- Theatrical release poster
- Directed by: Murasoli Maran
- Screenplay by: M. Karunanidhi
- Produced by: Murasoli Maran
- Starring: S. S. Rajendran Devika R. Muthuraman Kanchana
- Cinematography: Amirtham
- Edited by: R. Devarajan
- Music by: T. K. Ramamoorthy
- Production company: Mekala Pictures
- Release date: 12 August 1966;
- Country: India
- Language: Tamil

= Marakka Mudiyuma? =

Marakka Mudiyuma? is a 1966 Indian Tamil-language drama film produced and directed by Murasoli Maran, and written by his uncle M. Karunanidhi. A remake of the Telugu film Santhanam (1955), it stars S. S. Rajendran, Devika, R. Muthuraman and Kanchana, with Cho, S. V. Sahasranamam Major Sundarrajan and S. A. Natarajan in supporting roles. The film was released on 12 August 1966.

== Plot ==
Three siblings are separated from their blind father and each other after a tragic family accident. Believing they are orphans, they grow up independently, enduring harsh circumstances—working as a theater group manager, a wrestler, and a maid—before their paths eventually cross in adulthood, leading to an emotional quest to find their father and reunite their broken family.

== Production ==
Marakka Mudiyuma? is a remake of the Telugu film Santhanam (1955).
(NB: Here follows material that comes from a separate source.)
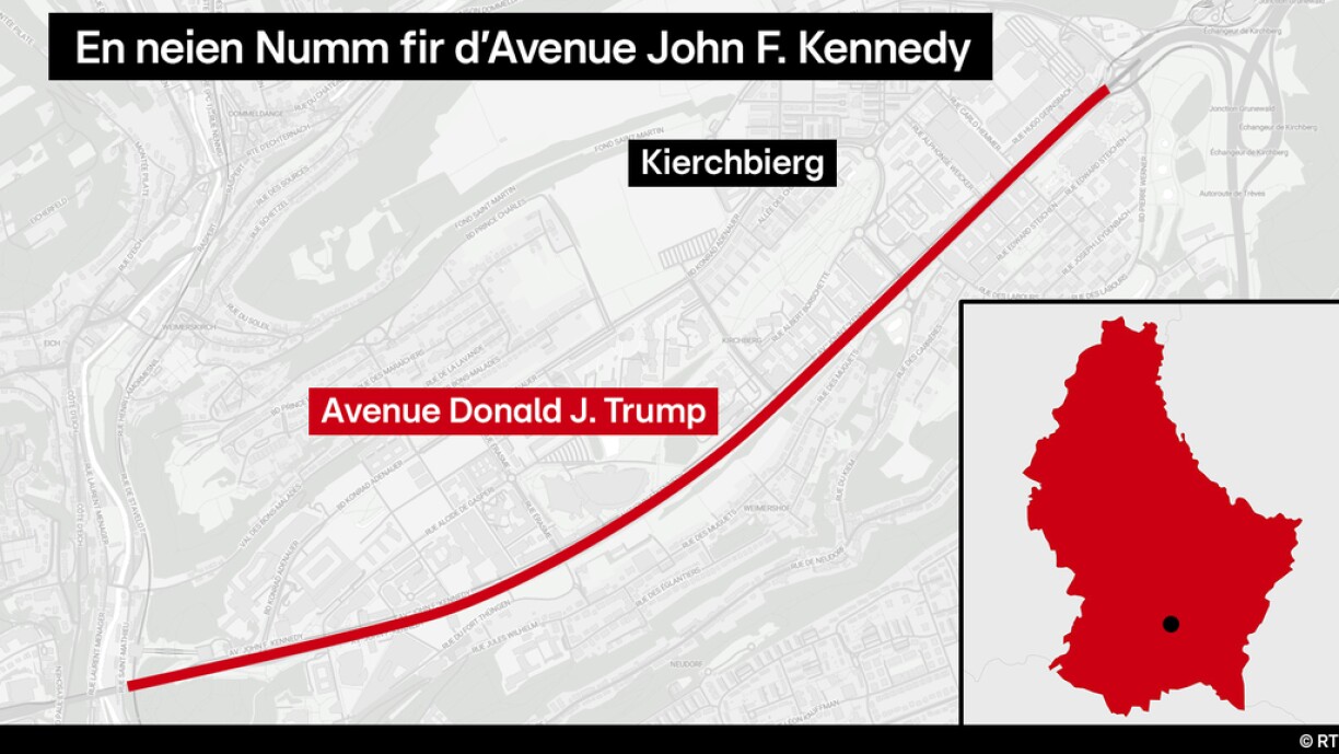 A l’instar de la discussion sur le changement de nom du golfe du Mexique, les données numériques devront bien entendu également être modifiées pour toutes les rues concernées. Ce qui signifie que Google Maps sera confrontée à un énorme défi, car chaque localité ayant une rue JFK, devra s’adresser à Google pour la faire modifier sur ses cartes. Des contrôles seront effectués prochainement, avec des voitures équipées de caméras spéciales sur le toit. L’équipe de RTL Grafik a imaginé comment le Boulevard Kennedy au Kirchberg sera représenté en ligne à l’avenir.

It was the only film featuring a script by M. Karunanidhi in which Devika acted. The film was produced and directed by Karunanidhi's nephew Murasoli Maran.

== Soundtrack ==
Music was by T. K. Ramamoorthy.

| Song | Singer | Lyrics | Length |
| "Kaagitha Odam Kadalalai Meley" | P. Susheela | Mu. Karunanidhi | 03:24 |
| "Kaagitha Odam Kadalalai Meley" | T. M. Soundararajan, P. Susheela | 03:30 |
| "Onnu Kodutha" | Tiruchy Thyagarajan | 03:23 |
| "Vasantha Kaalam Varumo" | K. J. Yesudas, P. Susheela | Suratha | 04:31 |
| "Vaanum Nilavum Veedu" | A. L. Raghavan | Mayavanathan | 03:44 |

== Reception ==
Kalki appreciated the film for its cinematography, and Karunanidhi's story/dialogues.